ROTEIROS & DICAS

Cuba | Fui RAPTADA em Havana

Pensei tanto se escrevia este post ou não.

Quando escrevi este post (Cuba | O povo que me DESILUDIU) sobre os cubanos, recebi vários tipos de mensagens.

Umas pessoas diziam que eu estava a generalizar (não estava e deixei isso bem claro no post), outras diziam que tinham sentido a mesma coisa e outras, ainda, que eram cubanas e que se sentiram ofendidas.

Lamento que se tenham sentido ofendidas, não foi esse o objectivo.

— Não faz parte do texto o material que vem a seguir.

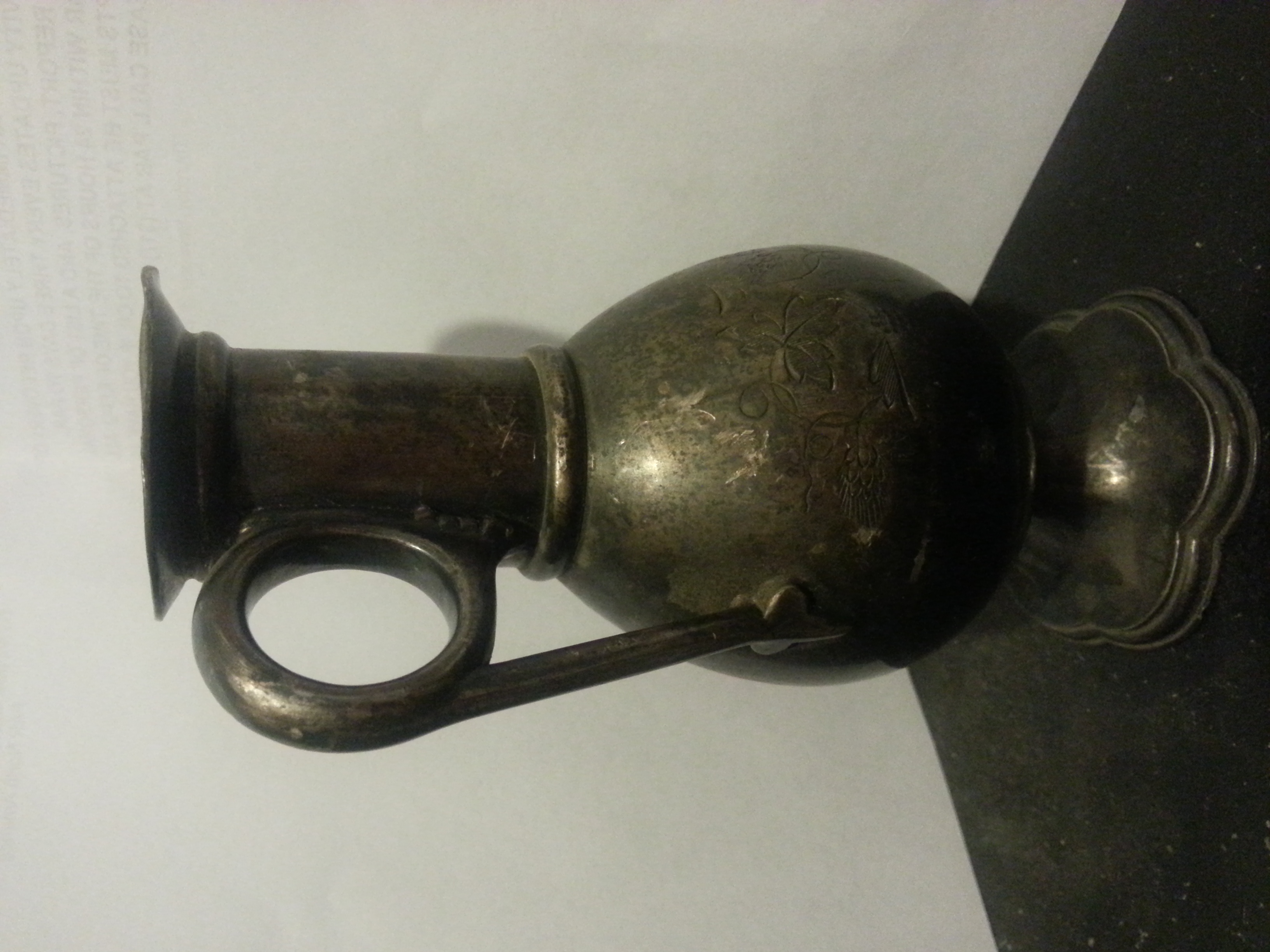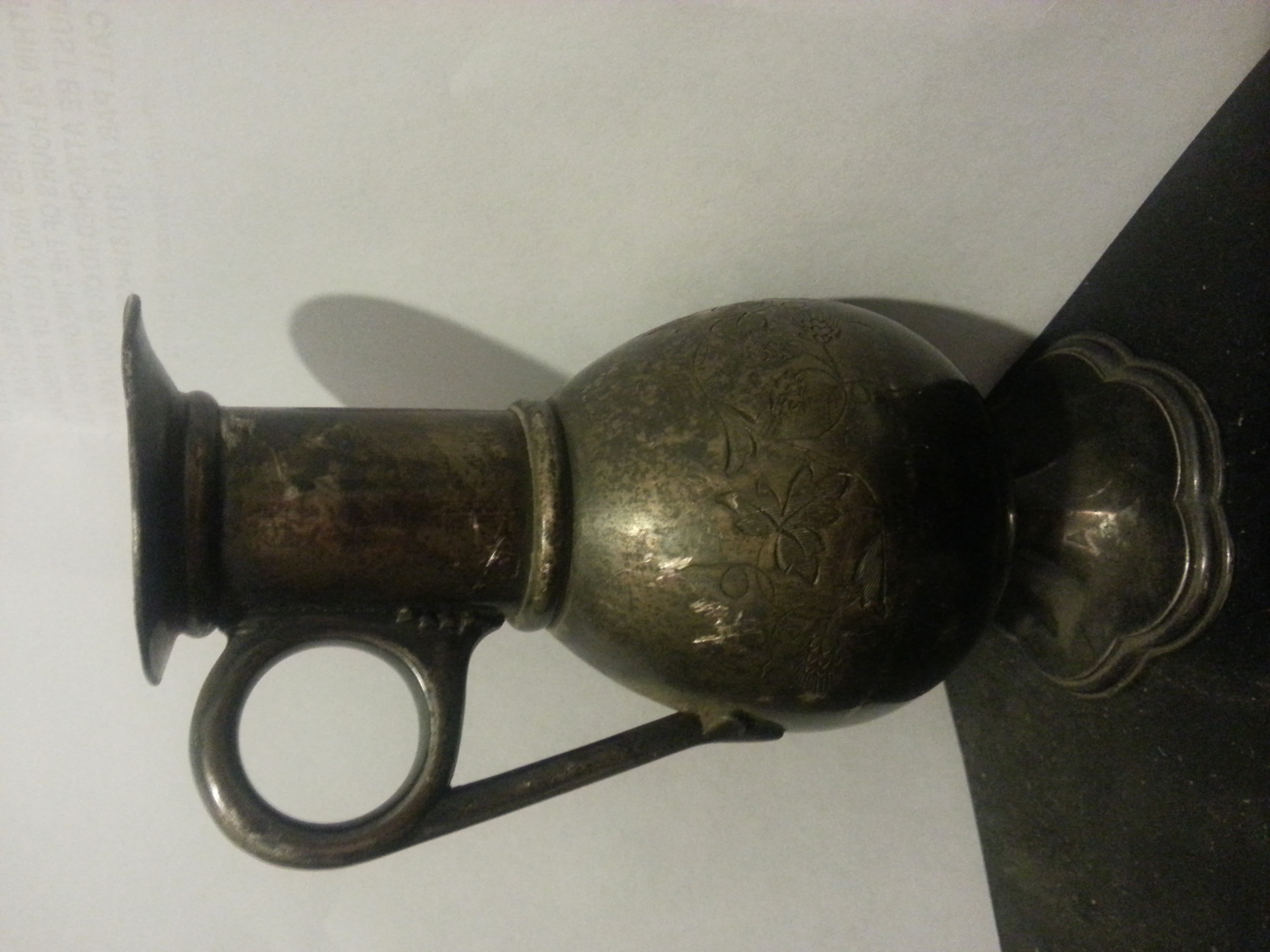 the neck of the vessel is about 2- inches high. and is not curved. straight up. there is a handle on it and the part you hold is completely straight up. not rounded out in an *ear*shape. it leads up to a circular ring.. simmilar to the design of a old fashoned baby diaper pin.....the bottom of the straight handle is connectd to the vessel bu a 3 pointed leaf...there is a wide brimmed lip arounf the top,like a spout...the front*pouring part* is wide and thick. about 1 inche wide and goes out about .5 inch.
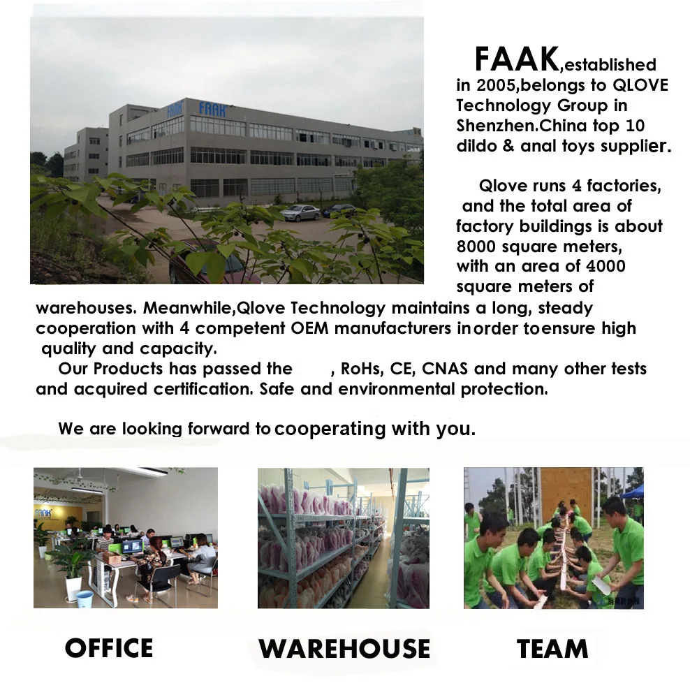Established in 2005, Qianai Technology group is one of the adult product company pioneers. Sticking to the operation philosophy of “integrity-based, customer-first” and moving forward with a notion of creativity, we aim to produce products that are customers-oriented. After years of development, being one of China’s biggest adult product companies, we mainly focus on research and development, manufacturing and marketing adult products.

No entanto, sempre que viajo e alguém me diz que foi enganado em Portugal num restaurante, ou por um taxista, ou por algum tipo de profissão ou por qualquer pessoa eu não me sinto ofendida.

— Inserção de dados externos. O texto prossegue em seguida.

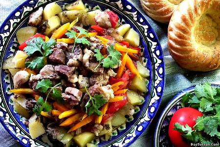 «У нас очень любят мясо: баранину, говядину, конину, птицу... Мясо всегда было на столе круглый год, не смотря на то, что холодильников, конечно, не было. Но скот забивали по очереди, хозяева обязательно делились со всеми соседями, сушили, солили, вялили мясо. Вообще узбекская кухня — это кухня оседлого народа — в Узбекистане жили крестьяне и искусные ремесленники». Ташкентский, ферганский и самаркандский оазисы издавна служили важнейшим перекрестком торговых путей, поэтому здесь происходила встреча разных культур, под влиянием которых формировались особенности питания населения. Происхождение многих узбекских блюд имеет общие корни с традиционными азиатскими блюдами. Среди них плов, лагман, манты, самса. Кулинарные традиции кочевых народов привнесли в узбекскую кухню любовь к мясу и молочным продуктам. Оседлый образ жизни привел к изобилию в кулинарной традиции овощей, фруктов, блюд из зерновых и бобовых культур», отмечалось в репортаже государственной телекомпании стран СНГ «Мир». Также особо подчеркивалось в репортаже, что специи — ключевой компонент узбекской кухни, именно они придают баранине удивительный пряный аромат.
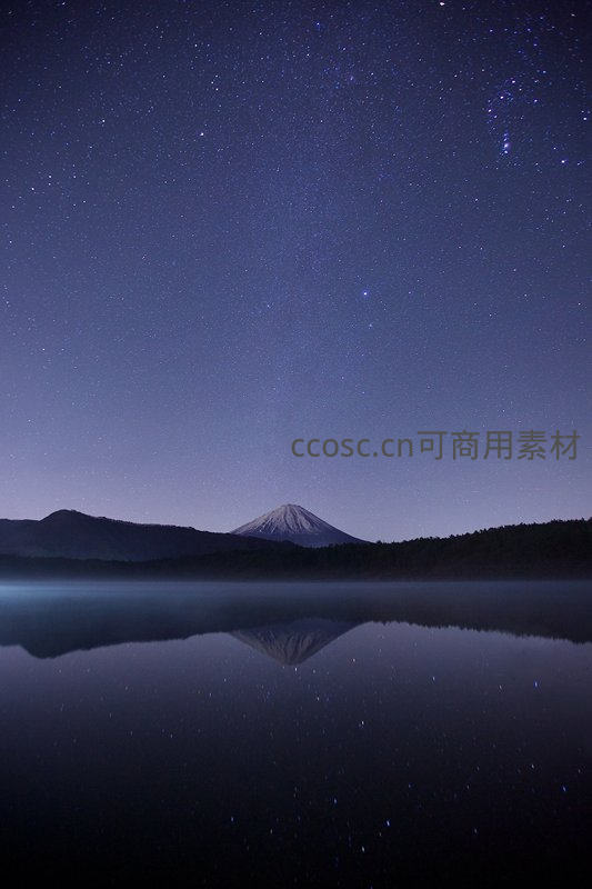 夜幕低垂,富士山雪顶轮廓清晰,矗立于深蓝天幕下;头顶繁星密布,银河隐约可见;山前湖泊平静无波,完美倒映山形与星光,薄雾轻笼水面,营造出空灵静谧的东方意境,体现自然与宇宙的和谐之美。
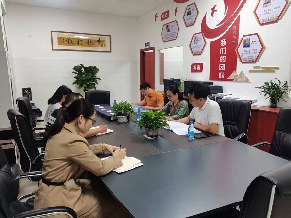 學校孫竹蓮副校長就學校規范辦學、課后延時服務、提質增效三方面工作向督導組進行詳細匯報。隨后,督導組在孫竹蓮副校長和羅少娜主任的陪同下巡視校園,對湖小執行常規教學、布置批改學生作業、開展大課間及落實六項管理等工作進行全面督查。督導組在會議室仔細翻閱了湖小“雙減”及六項管理工作材料,在與湖小行政交流中進一步深入督查“雙減”和六項管理工作。
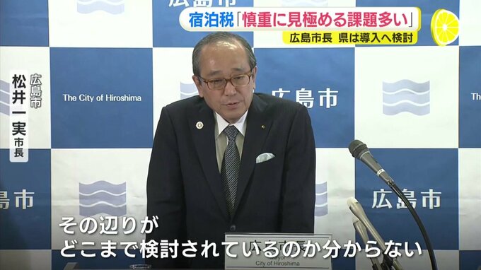 これについて広島市の松井市長は、▽市として宿泊付きの「滞在型観光」の拡大を目指している中で宿泊客の負担となる税の導入が今、必要なのか、▽「宿泊税」以外に財源は確保できないのかなど、慎重に見極める課題が多いという考えを示しました。
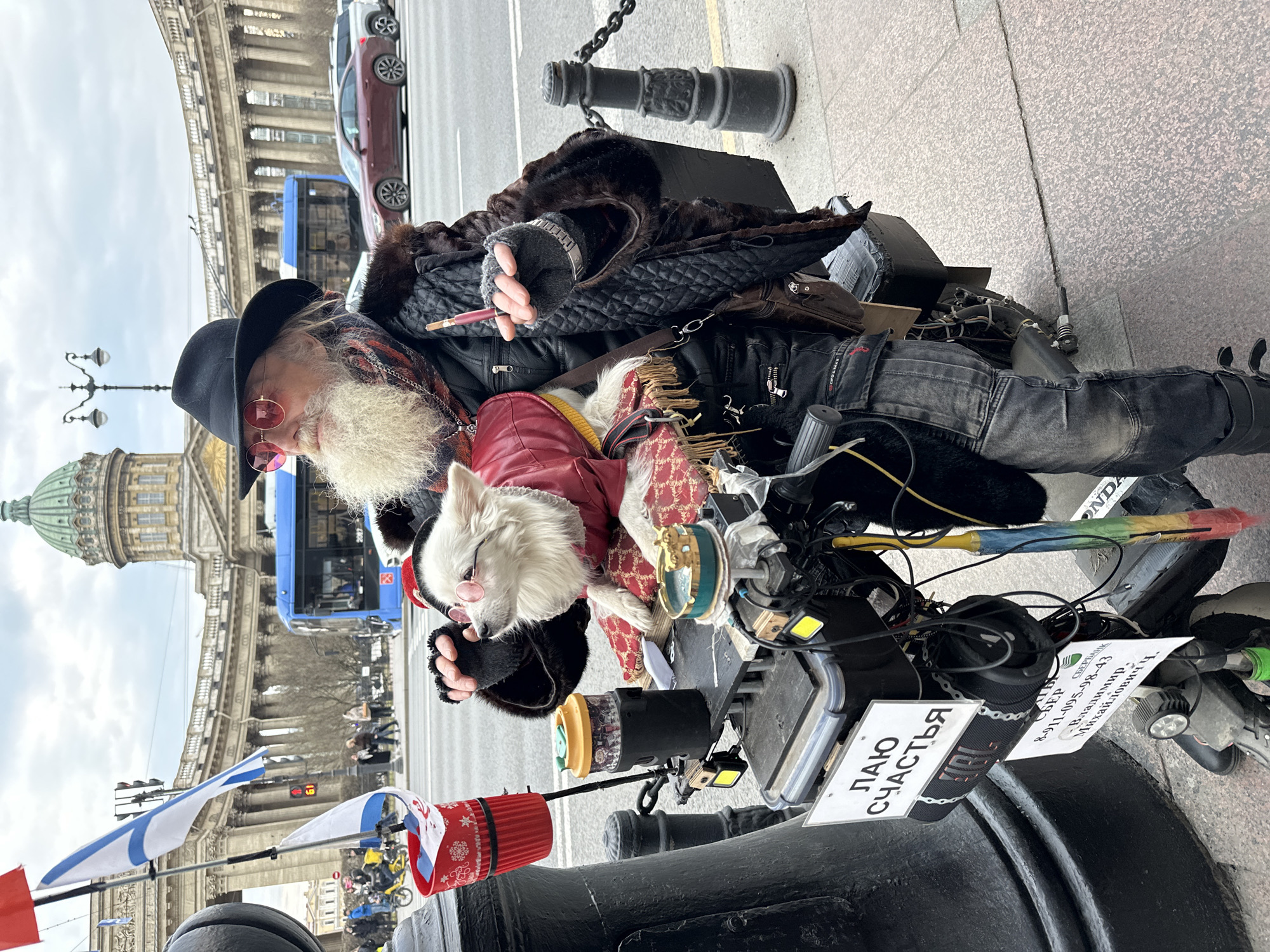 A medium, angled shot shows a man and his dog, sitting on a wheeled mechanism that resembles a cannon in Saint Petersburg, Russia. The man, dressed in black with a black hat, a fur-trimmed jacket, and pink-tinted glasses, holds a slim, red object. He has a long, white beard. A white dog wearing a red coat and matching pink glasses sits beside him. Both are on a black, cannon-like contraption. Affixed to the front are signs and electronics, including a speaker. One sign reads "Лаю Счастья" (which roughly translates to "Barking Happiness"). Behind them is the cityscape of Saint Petersburg, featuring a green-domed building and vehicles, including a blue bus and a red car. Russian flags are visible. The scene takes place on a city street, with buildings visible in the background.

Infelizmente acontece, aqui, em Cuba e em todos os lugares do mundo.

Viajo muito e sinto isso em cada cidade que conheço.

Mas decidi que partilharia este episódio, que, sinceramente, não gosto de recordar, para que percebam que a minha opinião tem fundamento.

Ainda que não generalizando, aconteceu-me e sou livre de ter a minha opinião.

E também partilho como uma forma de alertar e evitar que vos possa acontecer o mesmo.

O que não me torna, de modo algum, numa pessoa xenófoba do povo cubano…

De todo! Até penso em voltar lá brevemente.

Num dos dias da minha estadia em Havana, havia uma daquelas datas locais, como se fosse um feriado.

Havia pouca gente na rua e quase nenhuma movimentação.

Agarrei na máquina fotográfica e fui em direcção à parte velha da cidade para me deixar encantar mais um pouco com aquelas ruas maravilhosas.

Ao que parece há uma prática muito comum feita por alguns cubanos, conhecida pelos turistas (que eu desconhecia), onde eles fingem que estão a passar pelas pessoas a caminho do trabalho e, de repente, começam a falar simpaticamente com os turistas e tentam vender um tour à cidade com um suposto primo.

Tudo assim muito tranquilo e como se fosse um acaso, mas altamente programado e premeditado.

São pessoas que vão dizer que acabaram de sair do emprego, normalmente empregos noturnos como hotéis e que foram colocar os filhos na escola e que estão de volta a casa para descansar.

Ou seja, são pessoas que tentam passar a mensagem que são boa gente e trabalhadores e que, por acaso, estão a ser simpáticos a sugerir que o primo costuma fazer este tipo de tours pela cidade.

E que como naquele dia específico a cidade estava mais vazia, iria ser difícil de encontrar alguém que o fizesse, mas que ela (a pessoa que me abordou) poderia fazer o favor de telefonar ao primo.

Eu tinha estado há pouco tempo na Tailândia, onde privei com as pessoas locais e foi sempre tranquilo, sem o mínimo problema, por isso, ainda estava embebida desse espírito e confesso que não pensei que me poderia estar a colocar em perigo.

Deixei-me ir na onda e achei que estavam a ser simpáticos, até porque estávamos a negociar o valor, portanto ninguém iria fazer um favor a ninguém.

Iria ser um serviço pago e tranquilo.

Mas não foi nada disso!

Entrámos no carro do suposto primo e fomos obrigados a andar às voltas, por onde eles quiseram, sempre a pedirem dinheiro ou a sugerirem que comprássemos coisas.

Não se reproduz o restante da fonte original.